Given the conditions of Philippine society then, the effective contact with European liberalism and nationalism and fruitful cross-fertilization towards a Filipino nationalist ideology were bound to take place largely outside the Philippines.
Yet, the ultimate steps, as Rizal came to realize, and Andres Bonifacio was to prove, had to be taken in the Philippines. Without the work of the Propagandists, without the laborious efforts to formulate and express their ideals, without their success in giving form to the nationalist ideal in the minds of many back home, however, there could have been a revolt in 1896, but there would not have been the Revolution. For a revolution presupposes a people with a consciousness of its own identity and unity as a nation. The creation of that sense of national self-identity was the work of the Propaganda Movement.
(Caveat: once again reading a history book for literary and aesthetic value.) What The Reverend Fr.

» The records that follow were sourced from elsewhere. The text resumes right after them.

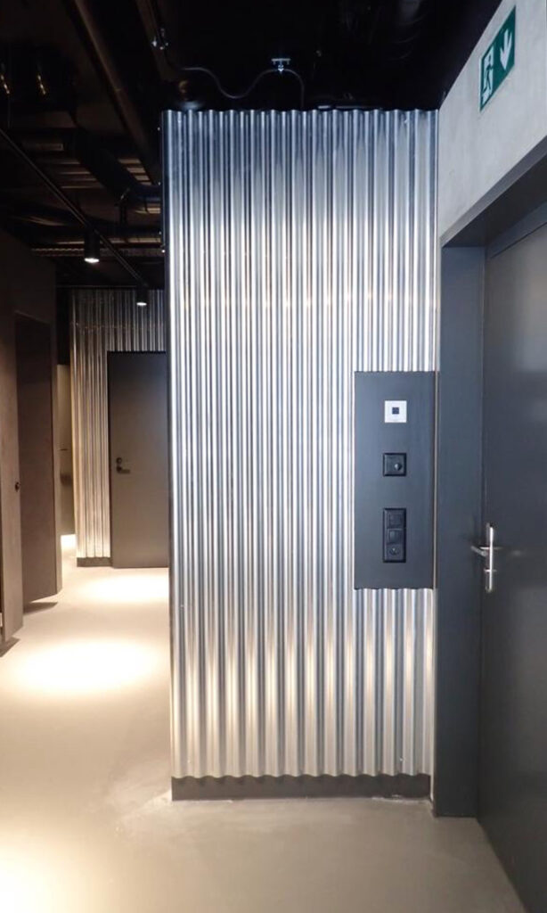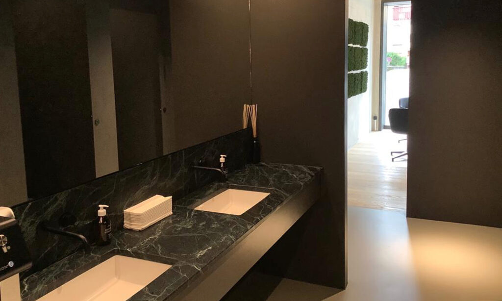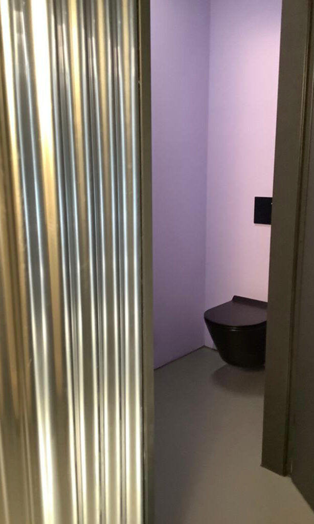 Im Nasszellenblock mit Umkleiden herrscht eine dramatisch-intime Atmosphäre. Nach dem Training erfährt der Kunde eine weitere Aufwertung seines Trainingserlebnis und verlässt entspannt das Studio.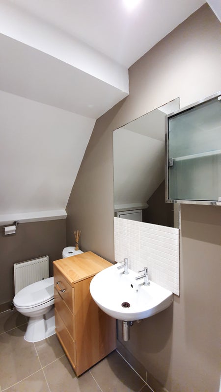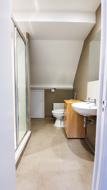 There is a large private bathroom included in this lovely loft conversion, which was finished only a few years ago. Also double bed and a new mattress is supplied, although it was delivered after the photos were taken.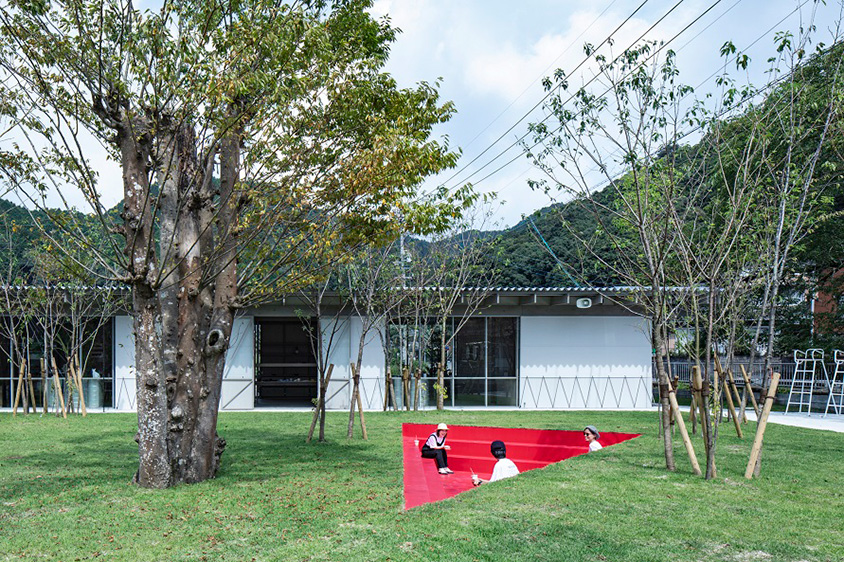 芝生が敷かれた園内には、談笑できるスポット「さんかくのだんだんへこみ」。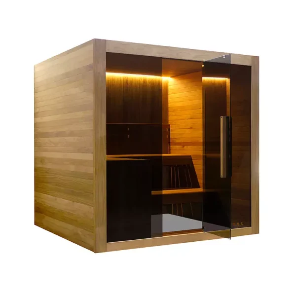 La sauna seca tradicional 210 está diseñada para ofrecer una experiencia de relajación superior en espacios domésticos o profesionales que requieren amplitud, diseño y durabilidad. Fabricada con madera de álamo termo de 48 mm, garantiza una excelente capacidad de aislamiento, reduciendo la pérdida de calor y mejorando la eficiencia energética. Su exterior chapado en negro ( opción en color escandinavo) aporta un estilo moderno y sofisticado, ideal para integrarse en zonas wellness, spas privados y suites de alojamiento turístico.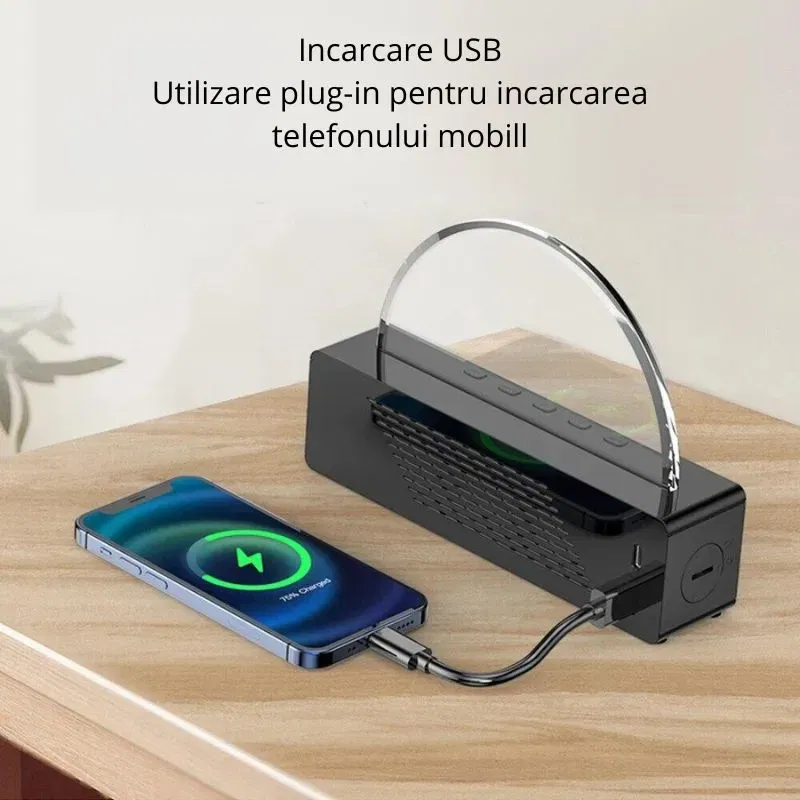Lumina ajustabila a ceasului te ajuta sa te trezesti treptat, imitand rasaritul soarelui, in timp ce afisajul digital mare ofera o vizualizare clara a orei, zilei si temperaturii camerei. Cu un control simplu prin buton rotativ, poti regla usor luminozitatea si poti alege dintr-o varietate de culori si moduri dinamice de lumina ambientala pentru a crea atmosfera potrivita fiecarei situatii. In plus, ceasul este echipat cu un port USB pentru a-ti incarca telefonul in timpul noptii, facandu-l un companion multifunctional perfect.
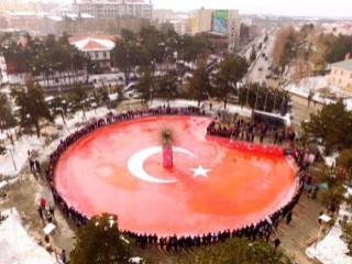 Erzurum'da buzdan Türk bayrağı yaptılar VİDEO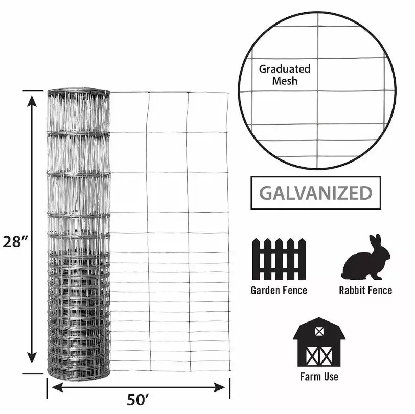 28 in x 50 ft. galvanized rabbit guard is great for keeping rabbits and other varmints out of your garden or other unwanted areas. The fencing features a galvanized coating for added durability and to help prevent rusting and corrosion. The fencing is designed so that the welded mesh openings become smaller at the bottom making it hard for rabbits and other varmints to squeeze through the openings. Rabbit guard is an economical solution that is easy to install and alter to meet your needs.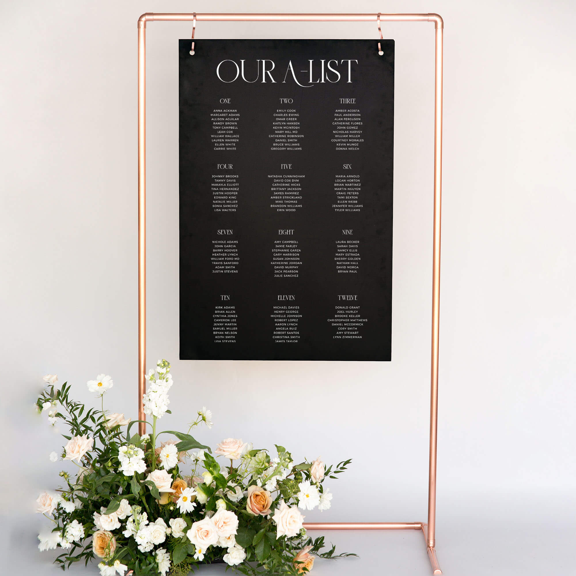 Printed on luxe gatorboard, The Brittany is lightweight, durable, and arrives ready to display. Customize your heading, choose your shape and color palette, and upload your guest list—we’ll handle the rest.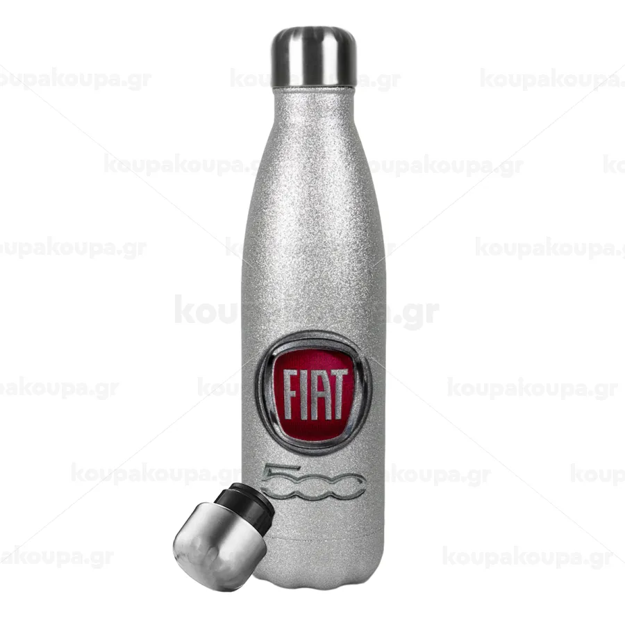 FIAT 500, Metallic Glitter Silver Thermos Flask (Stainless steel), double-walled, 500ml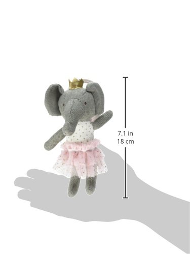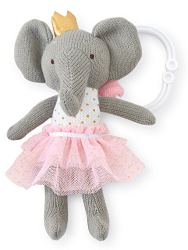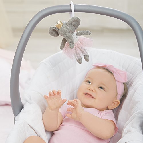 Knit princess stroller buddy features mesh printed tutu and bow, grosgrain ribbon accent, interior chime rattle, embroidered eyes and fabric covered pull strap which activates vibrating rattle with tugging action. Attached with a plastic ring clip.Feature

Schumacher lacks in style and mastery in effective storytelling is more than made up for by a) his historical analysis, and more importantly, b) the specters and voices of del Pilar and Rizal — the reader can project their own dose of dramatic vitality on this text, once they allow the Rizalista-Pilarista love-hate affair to unfold in the theater of their minds, notwithstanding Fr. Schumacher’s starchy-stiff and dispassionate erudition. The priest has an unintentionally humorous tic of absolving the Jesuits from the onslaught of historical judgment every chance he gets, and one is pressed to oblige and agree; a sanguine touch in an otherwise phlegmatic account. Plod through the first 80% of the work to get to the closing chapters, which reveal the aesthetic merits of del Pilar and Rizal’s personas shine through their quoted letters (together with the tetchy Antonio Luna, Ponce the Horatio to Plaridel’s Hamlet, and the petulant Lopez Jaena, the only dramatically interesting character in all these grave, somber proceedings) — imagine them not as the subjects of a historian’s cold writing, but as tragic figures in a poignant, crushing drama of men sacrificing their lives for a thankless, amnesiac nation.